Asked by Just Drinks if Carlsberg expected to see its volumes grow in western Europe this year, Aarup-Andersen said the company predicts “stable to slightly growing volumes”.

He added: “That’s both due to easy weather comps in Q3 and also expected a somewhat expected improvement in terms of the consumer sentiment. There is real wage growth in a number of our markets in ‘24 as inflation comes down and then those sports events. We don't have any euphoric expectations but stable to slightly growing volumes.”

Reported operating profit fell 3.2% to DKr11.11bn, impacted by currencies. On an organic basis, operating profit rose 5.2%.

Adjusted net profit for continuing operations was down 5% at DKr7.43bn, impacted by higher finance costs and currency movements, Carlsberg said.

As Carlsberg seeks to up its investment in sales and marketing, the company is planning to look at areas including its brewing operations and procurement to control costs.

“We’re talking about a significant step up in our commercial investment,” Aarup-Andersen said.

“Savings will predominantly be coming out of the supply chain. We’re not closing breweries … but we are going to be driving a significant efficiency programme across our supply chain, which basically means our breweries and our logistics.

“The first major lever is procurement. We are putting significant resources in data and analytics behind working smarter and more efficiently in our procurement. The second element is operational efficiency in our breweries … to drive operational efficiency more broadly across our breweries by benchmarking, using data analytics and digitising parts of our value chain.
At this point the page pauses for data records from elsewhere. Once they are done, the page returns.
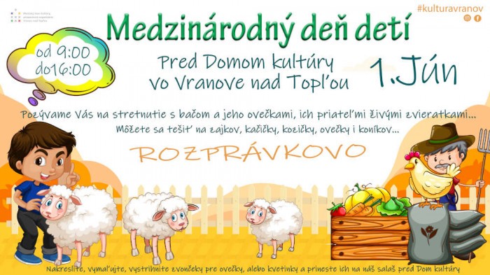 Milé deti, rodičia a učitelia, pri príležitosti MDD Vás pozývame do ROZPRÁVKOVA. Prenesme sa spolu na Saláš, na stretnutie s bačom a jeho ovečkami, ich priateľmi živými zvieratkami. Môžete sa tešiť na zajkov, kačičky, kozičky, ovečky i koníkov... Spolu s nimi oslávime sviatok detí. Nakreslíte, vymaľujte, vystrihnite, alebo vytvarujte ZVONČEKY PRE OVEČKY a prineste ich na Saláš pred Dom kultúry 1. júna 2023.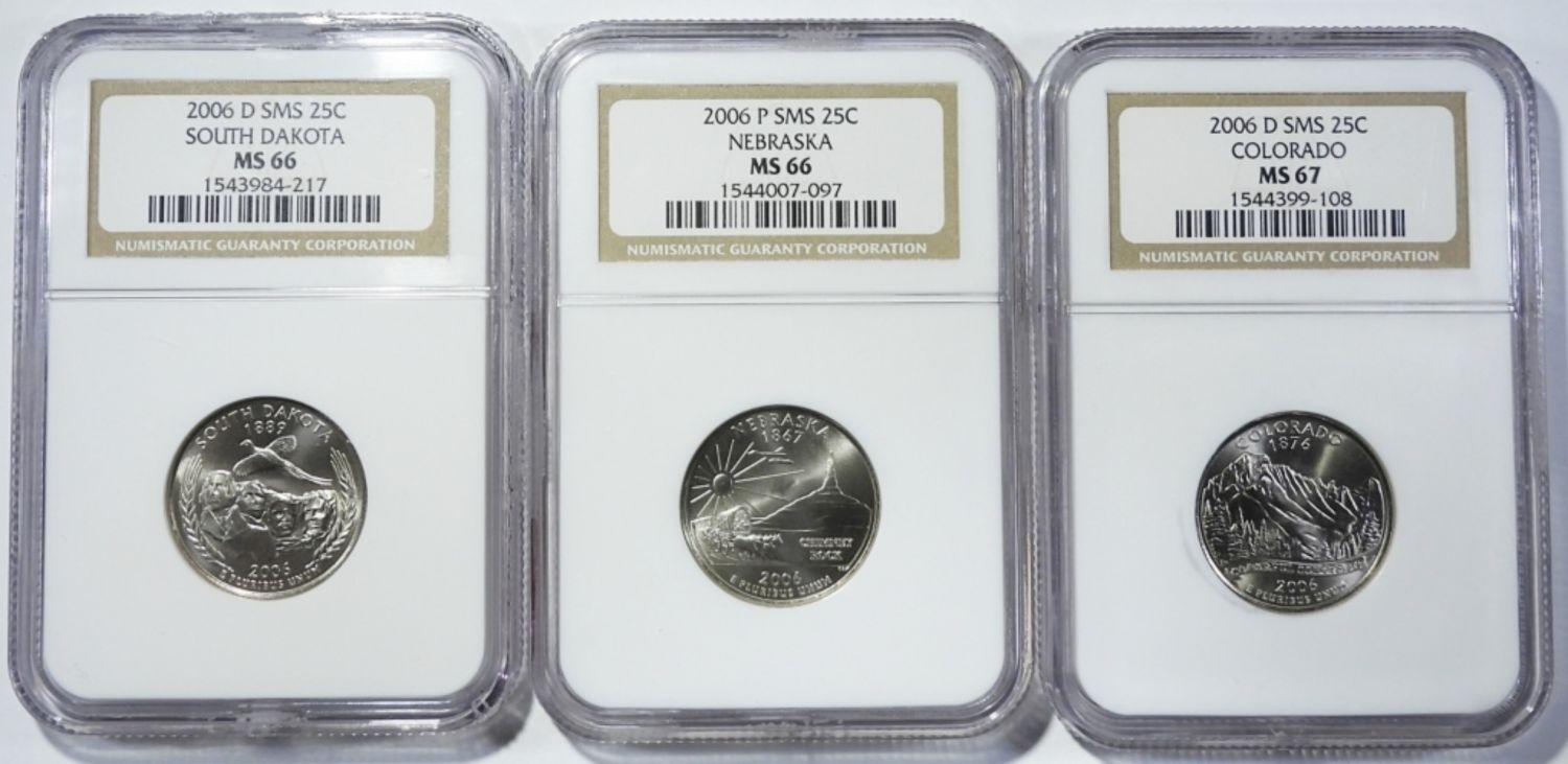 2006-P NEBRASKA MS-66, 2006-D COLORADO MS-67, & 2006-D SOUTH DAKOTA MS-66.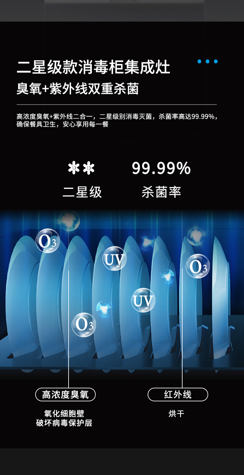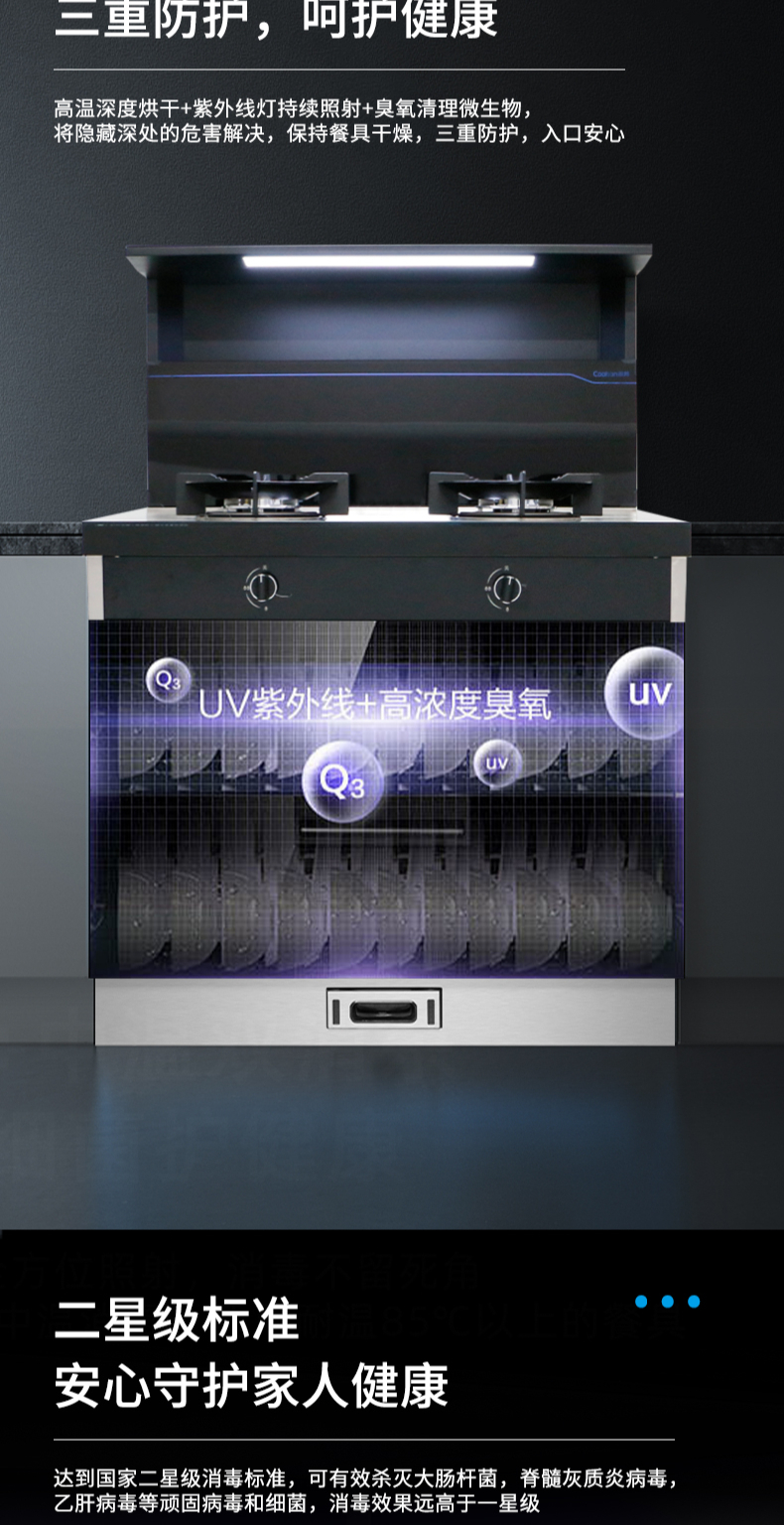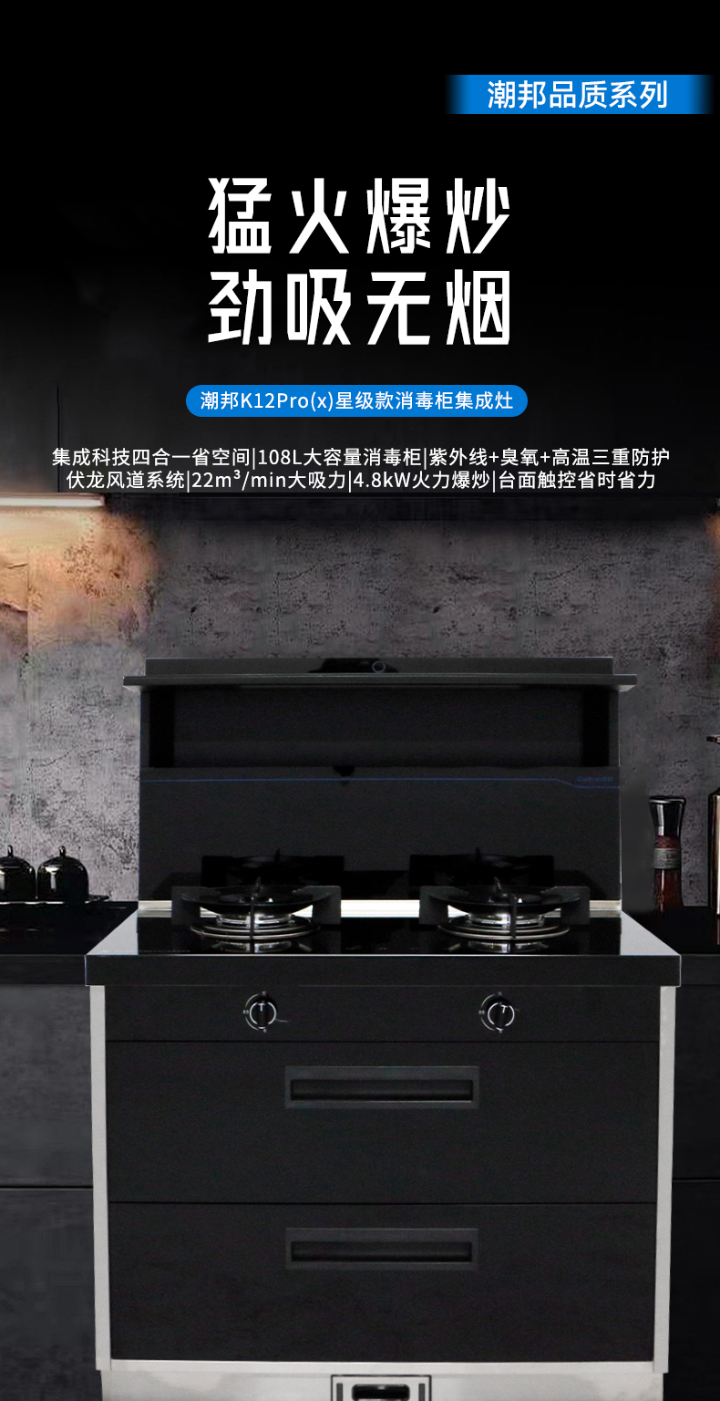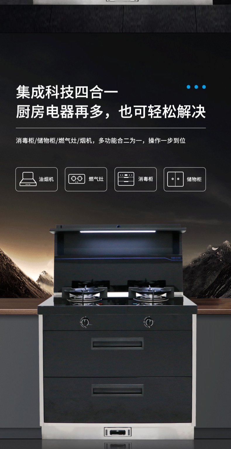 集成科技四合一省空間|108L大容量消毒柜|紫外線+臭氧+高溫三重防護(hù) 伏龍風(fēng)道系統(tǒng)|22m3大吸力|4 8kW火力爆炒|臺面觸控省時省力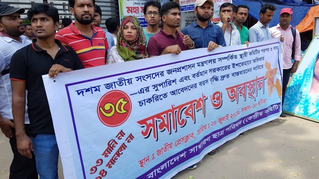 সরকারি চাকুরিতে প্রবেশের বয়সসীমা ৩৫ করার দাবিতে অবস্থান কর্মসূচি পালন করেছে, বাংলাদেশ সাধারণ ছাত্র পরিষদ। সকালে জাতীয় প্রেসক্লাবের সামনে সমাবেশ করে তারা।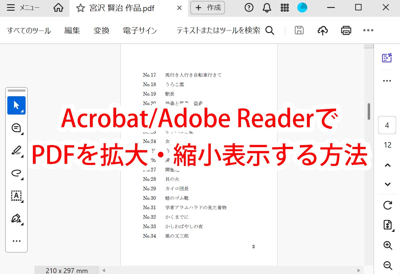 Acrobatのメニューにある「実際のサイズ」は、PDFを100%の倍率(原寸表示)で表示するモードです。実際のサイズで見たい時に指定する倍率で、拡大しすぎた・文字が小さい時なに画面を一気にリセットできます。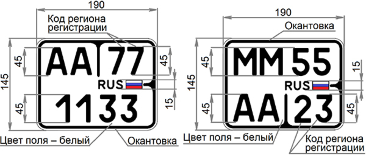 2) Новый номер для мотоциклов. Действующий стандарт — 245 на 160 мм, новый — 190 на 145 мм. Изменение размера должно решить проблему установки номеров на зарубежные модели мотоциклов: у них, как правило, небольшая площадка под госзнак, российские номера на них плохо держатся, их может сорвать на ветру. Приходится использовать самопальные переходники.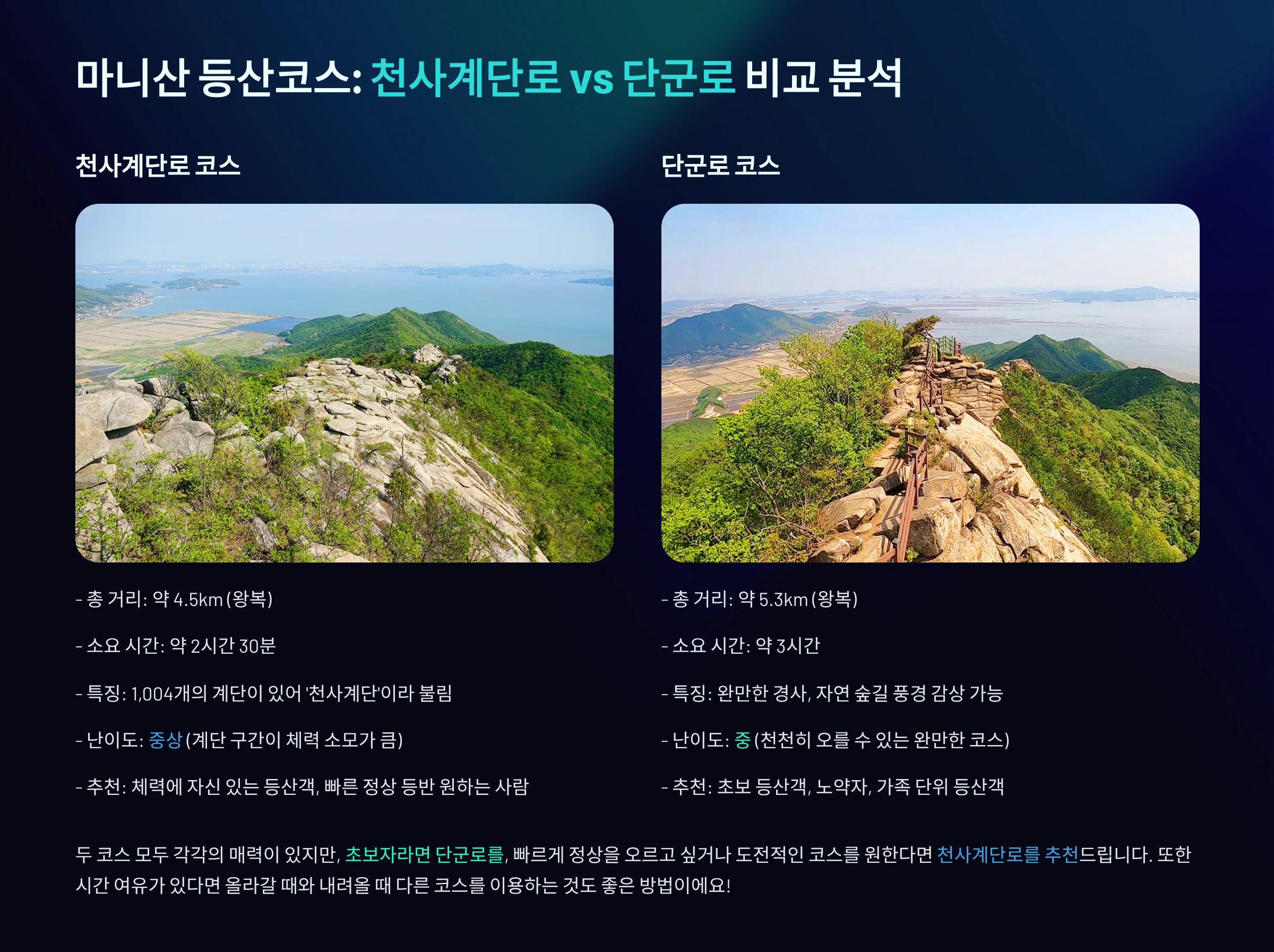 마니산 등산코스: 천사계단로 vs 단군로 비교 분석 🧐

“The third element is looking at how we produce and package our products more broadly in terms of the efficiencies from having standardised packaging.”

Despite falling prices of some inputs, Carlsberg expects its total cost base to rise in 2024 and therefore will look to again up prices.

“We’re not seeing any let-up in terms of the overall cost picture of the business. There is no doubt that there are categories where prices have come down. If you look at commodities, aluminium and barley has come down but at the same time, sugar, glass, etc. are up. There is a lot of sticky inflation across the cost base, both indirectly via suppliers and more directly the products and services we procure,” Aarup-Andersen said.

“We don’t see the same inflationary levels that we saw last year. Things are coming down but that’s the increase that is coming down. The absolute amount of cost is still going up. For specific markets, we don’t talk about but overall pricing this year will have to go up to probably the overall cost increases.”